My mother retired from a job she loved as an EEO counselor for the Federal Government in November, 1999.  Her retirement was out of a need to be more present to Dad, who was declining cognitively.  His need for supervision increased, as his judgment and safety awareness decreased.  The people she worked with knew Al, because he also retired from the same place.  They were sad about AL’s condition, and fully understood Mom’s decision.  This was a sad time for her on many levels.

After she retired, Al continued to leave home every day on his own, as he had been doing for years.   Aside from a history of running out of gas, and driving to familiar places without a purpose, it appeared that he was holding his own behind the wheel and on the roads.  Until one day…

About a month after Mom retired, Dad came home from wherever he was, and was visibly shaken.  With arms flailing descriptively to support his story, he said to my mother “Geeze, I went here and I went there, and then there and then here…” explaining his confusing ride home.  Mom said he was so relieved to have made it home.  This incident, however, ended his driving days.   Mom confiscated his keys, and they “disappeared” forever.  He never drove again.

This didn’t mean though, that he remembered his” lost” adventure and how much it upset him.   The very next day, he found what he thought were keys, and went out to the garage to start the car.  He worked on it for about 15 minutes, to no avail.  He decided to ask Mom for help.  He came into the kitchen and handed her a pair of nail clippers and said, “I’m having trouble starting the car!  I need help!”   She took the nail clippers from him and “Sorry, I can’t help you.  Go find something else to do.”

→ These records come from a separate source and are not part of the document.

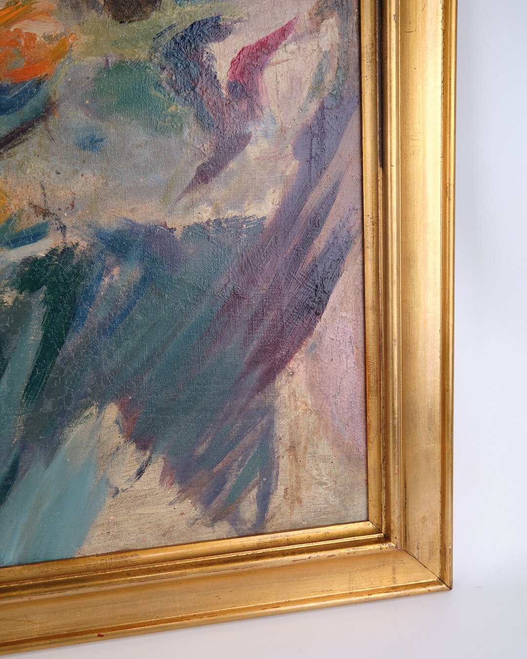 Abstrakt oliemaleri af kvinde fra 1930’erne. Olie på lærred med guldramme.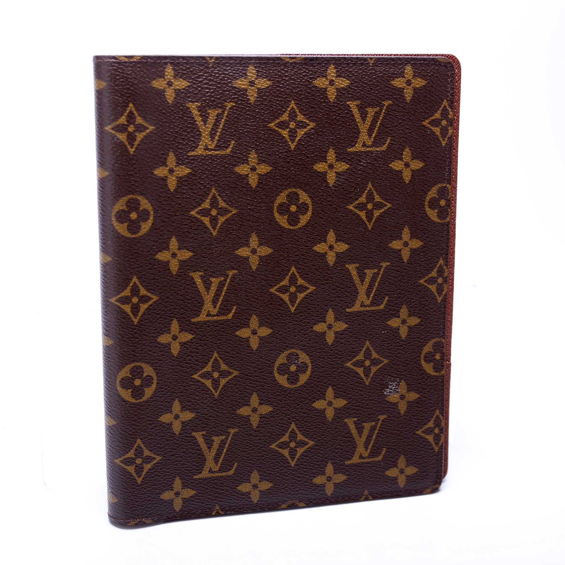 This pre-owned Louis Vuitton Desk Agenda is guaranteed 100% authentic. The exterior is in the classic Louis Vuitton Monogram coated canvas.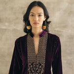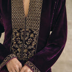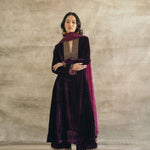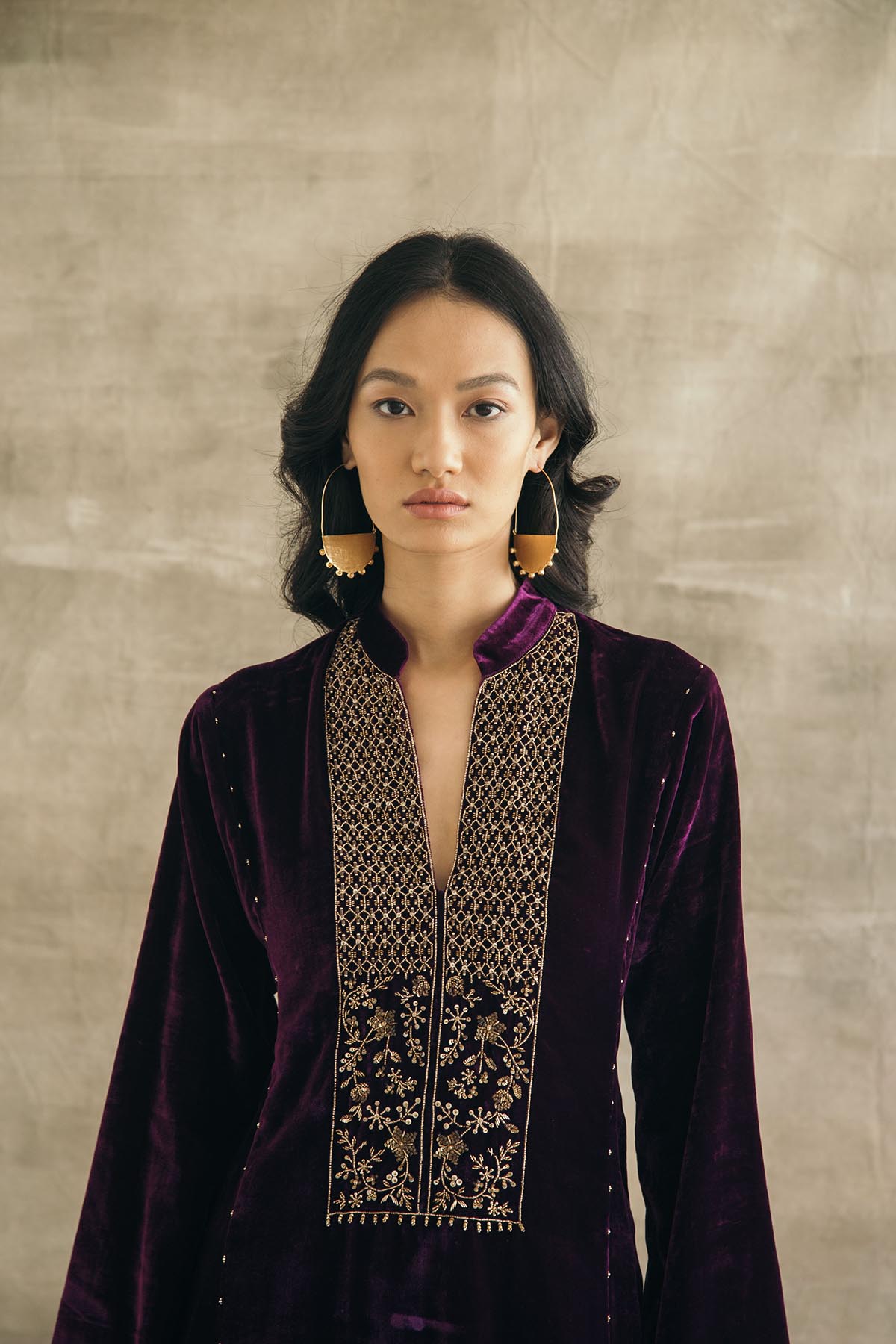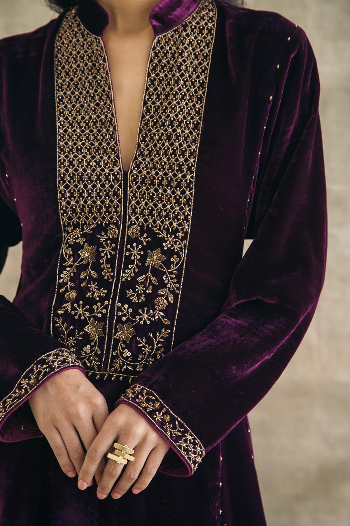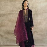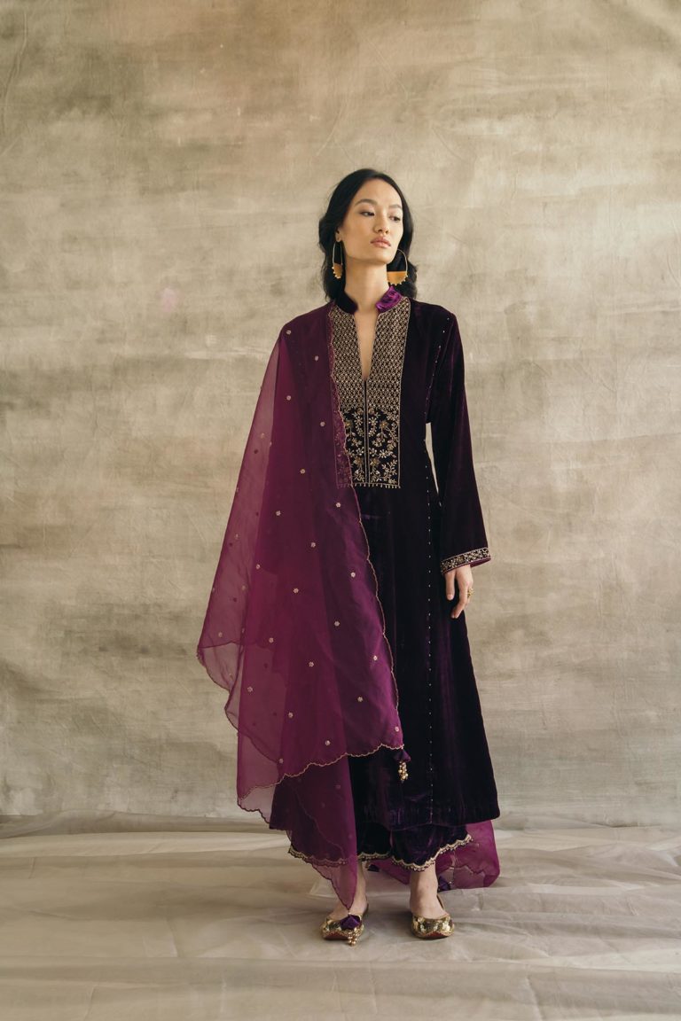 An extravanganza of organza and velvet — this kurta and palazzo set is all about polished perfection. Jewel-toned richness meets the subtle glint of aari, cutdana, sitara and zardozi work. The sheer organza drape is scalloped and beaded, also featuring sitara work. Antique gold jewellery and this set go hand in hand.

The end of AL’s driving was an especially difficult transition for both of them.  For my mother, this emphasized the realization of another significant loss.  It also translated in an obvious need to be more vigilant in her supervision of him.  Gosh, if he had trouble finding his way home… the home he lived in for over 30 years, she thought, what other errors in judgment could this translate into.  This loss also meant that she now had the role of being the sole driver.

For Al, losing his freedom and ability to go whenever and wherever he wanted, faded away.   It was what he loved to do… was what made him tick.  He was now “grounded”.